Re: 64-bit XIDs in deleted nbtree pages - Mailing list pgsql-hackers

From Heikki Linnakangas
Subject Re: 64-bit XIDs in deleted nbtree pages
Date
Msg-id 21b75775-3c41-7602-7267-79d2e7105223@iki.fi
Whole thread Raw
In response to 64-bit XIDs in deleted nbtree pages  (Peter Geoghegan <pg@bowt.ie>)
Responses Re: 64-bit XIDs in deleted nbtree pages
List pgsql-hackers
On 10/02/2021 00:14, Peter Geoghegan wrote:
> There is a long standing problem with the way that nbtree page
> deletion places deleted pages in the FSM for recycling: The use of a
> 32-bit XID within the deleted page (in the special
> area's/BTPageOpaqueData struct's btpo.xact field) is not robust
> against XID wraparound, which can lead to permanently leaking pages in
> a variety of scenarios. The problems became worse with the addition of
> the INDEX_CLEANUP option in Postgres 12 [1]. And, using a 32-bit XID
> in this context creates risk for any further improvements in VACUUM
> that similarly involve skipping whole indexes. For example, Masahiko
> has been working on a patch that teaches VACUUM to skip indexes that
> are known to have very little garbage [2].
> 
> Attached patch series fixes the issue once and for all. This is
> something that I'm targeting for Postgres 14, since it's more or less
> a bug fix.

Thanks for picking this up!

> The first patch teaches nbtree to use 64-bit transaction IDs here, and
> so makes it impossible to leak deleted nbtree pages. This patch is the
> nbtree equivalent of commit 6655a729, which made GiST use 64-bit XIDs
> due to exactly the same set of problems. The first patch also makes
> the level field stored in nbtree page's special area/BTPageOpaqueData
> reliably store the level, even in a deleted page. This allows me to
> consistently use the level field within amcheck, including even within
> deleted pages.

Is it really worth the trouble to maintain 'level' on deleted pages? All 
you currently do with it is check that the BTP_LEAF flag is set iff 
"level == 0", which seems pointless. I guess there could be some 
forensic value in keeping 'level', but meh.

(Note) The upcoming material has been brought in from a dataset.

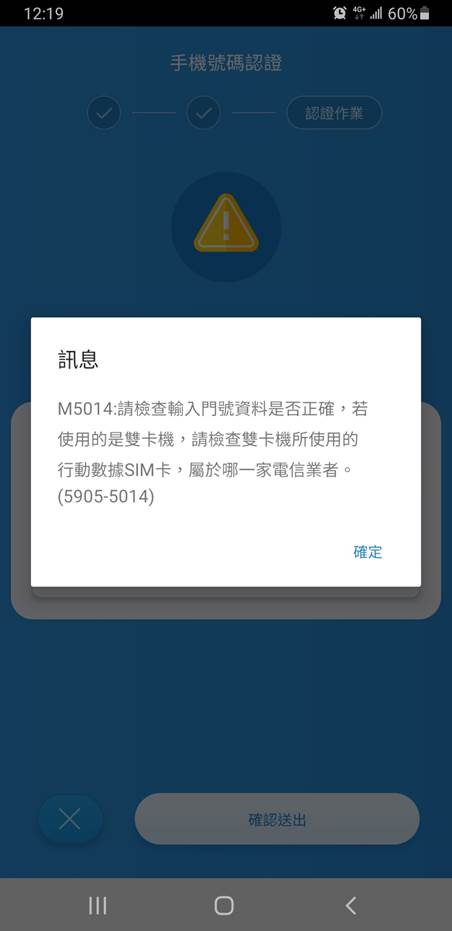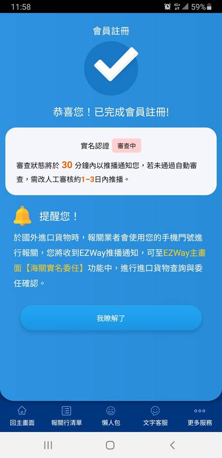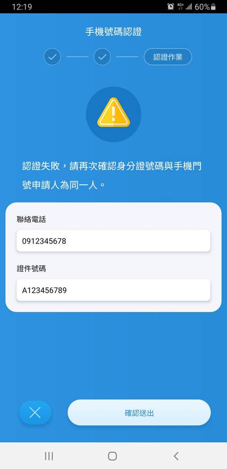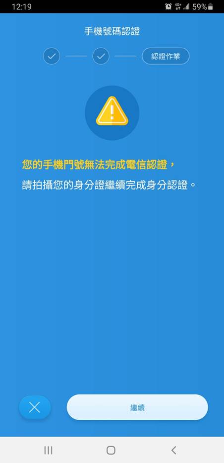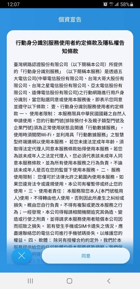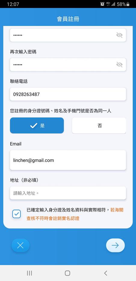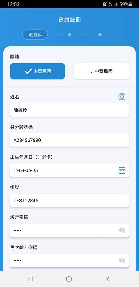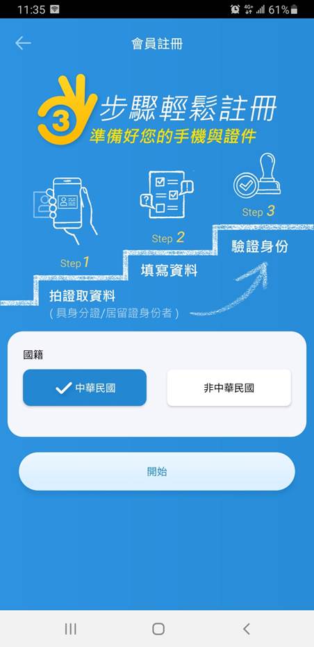 - 在APP上填列國籍、手機門號、姓名及身分證字號,若目前使用之手機門號所有者與欲註冊者相同者,於「輸入的身分證號碼與手機門號申請人為同一個人」選擇「是」,並輸入帳號(自設)、密碼(自設)及電子信箱,確認手機在4G或3G行動網路下(非wifi環境),資料送經電信業者確認身分,審核完成即完成註冊。

> The second patch in the series adds new information to VACUUM VERBOSE.
> This makes it easy to understand what's going on here. Index page
> deletion related output becomes more useful. It might also help with
> debugging the first patch.
> 
> Currently, VACUUM VERBOSE output for an index that has some page
> deletions looks like this:
> 
> "38 index pages have been deleted, 38 are currently reusable."
> 
> With the second patch applied, we might see this output at the same
> point in VACUUM VERBOSE output instead:
> 
> "38 index pages have been deleted, 0 are newly deleted, 38 are
> currently reusable."
> 
> This means that out of the 38 of the pages that were found to be
> marked deleted in the index, 0 were deleted by the VACUUM operation
> whose output we see here. That is, there were 0 nbtree pages that were
> newly marked BTP_DELETED within _bt_unlink_halfdead_page() during
> *this particular* VACUUM -- the VACUUM operation that we see
> instrumentation about here. It follows that the 38 deleted pages that
> we encountered must have been marked BTP_DELETED by some previous
> VACUUM operation.
> 
> In practice the "%u are currently reusable" output should never
> include newly deleted pages, since there is no way that a page marked
> BTP_DELETED can be put in the FSM during the same VACUUM operation --
> that's unsafe (we need all of this recycling/XID indirection precisely
> because we need to delay recycling until it is truly safe, of course).
> Note that the "%u index pages have been deleted" output includes both
> pages deleted by some previous VACUUM operation, and newly deleted
> pages (no change there).
> 
> Note that the new "newly deleted" output is instrumentation about this
> particular *VACUUM operation*. In contrast, the other two existing
> output numbers ("deleted" and "currently reusable") are actually
> instrumentation about the state of the *index as a whole* at a point
> in time (barring concurrent recycling of pages counted in VACUUM by
> some random _bt_getbuf() call in another backend). This fundamental
> distinction is important here. All 3 numbers/stats that we output can
> have different values, which can be used to debug the first patch. You
> can directly observe uncommon cases just from the VERBOSE output, like
> when a long running transaction holds up recycling of a deleted page
> that was actually marked BTP_DELETED in an *earlier* VACUUM operation.
> And so if the first patch had any bugs, there'd be a pretty good
> chance that you could observe them using multiple VACUUM VERBOSE
> operations -- you might notice something inconsistent or contradictory
> just by examining the output over time, how things change, etc.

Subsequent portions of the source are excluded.